# Help me find a hinge (especially you.. box makers:)



## joeyinsouthaustin (Sep 22, 2012)

I am looking for a smaller version of a pin, or pivot hinge, like this roto hinge but smaller than 3/8. more like 1/8 or quarter.


----------



## JustJoe (Oct 26, 2012)

I've got a bag of these lost somewhere in my workshop, and four tiny little boxes sitting unassembled until I find them:

http://www.woodcraft.com/Product/2003267/783/Miniature-Barrel-Hinge.aspx

They're 5mm which is just under 1/5 - just under 1/4.


----------



## joeyinsouthaustin (Sep 22, 2012)

Those are cool, but I need a swivel or pivot hinge, not a 90 degree hinge. The lid on the boxes will pivot/slide open.


----------



## waho6o9 (May 6, 2011)

You might have to make your own as I can't find any that
size either.

If the one pictured is made out of wood, can you sand it down
or turn it in a drill for acceptable results?


----------



## joeyinsouthaustin (Sep 22, 2012)

That may be quite possible.
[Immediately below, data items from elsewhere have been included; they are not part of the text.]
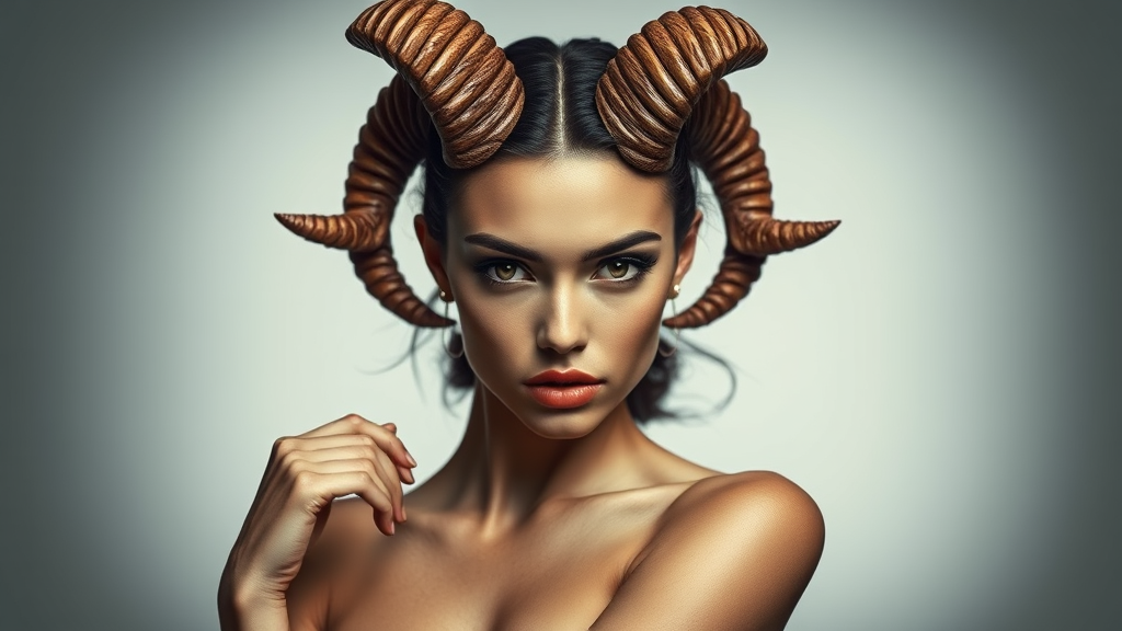 A vivid and dynamic portrait of a woman posing confidently, with intricate, sculptural horns adorning her head. The artwork reflects the creative essence of Brian Jungen's innovative transformations and the sophisticated, high-fashion touch of Steven Meisel. The image's aspect ratio is tall and elegant, 89:128, capturing the full grace of the pose. The background is minimalistic, focusing attention on the subject's expressive eyes and the elaborate design of the horns. The style is raw, with bold textures and a slightly intensified color palette, adding depth and intensity. Subtle creative elements, such as a hint of surrealism in the horns and a touch of ethereal light around her, enhance the visual story without straying from the core concept.
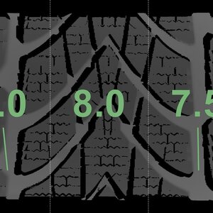 | Zustand | Profiltiefe | DOT | Vorderachse Links | Neu | 7,5 mm | 4916 |
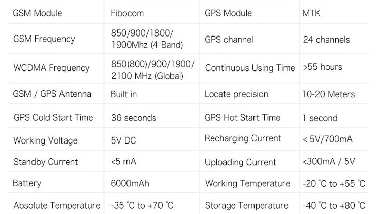 This product is with GPS module and GSM module, that has many new and unique functions, such as extra big battery (6000mAH), Water-Proof, powerful magnetic, LBS locate without GPS signal, check current location by iOS iPhone & Android App / Web / SMS / WeChat etc. Its standby time can reach over 2 month(about 60 days, when work mode 1).

It lists as maple, so I may need to get some in my hands, and put the ole mill to work.


----------



## gfadvm (Jan 13, 2011)

Joey, I have pivoted lids using a piece of steel rod and a small washer. Just drill your holes for the pin to a very snug fit. I glue the pin into the lid and drill a deep hole in the box corner and that prevents wobble.


----------



## waho6o9 (May 6, 2011)

http://www.alliance-express.com/standard-washer-spacers

I was thinking along the same lines as Gfadvm and also use
a UHMW type washer/spacer for ease of use.

Alliance has an outlet in Texas as well:
http://www.alliance-express.com/houston


----------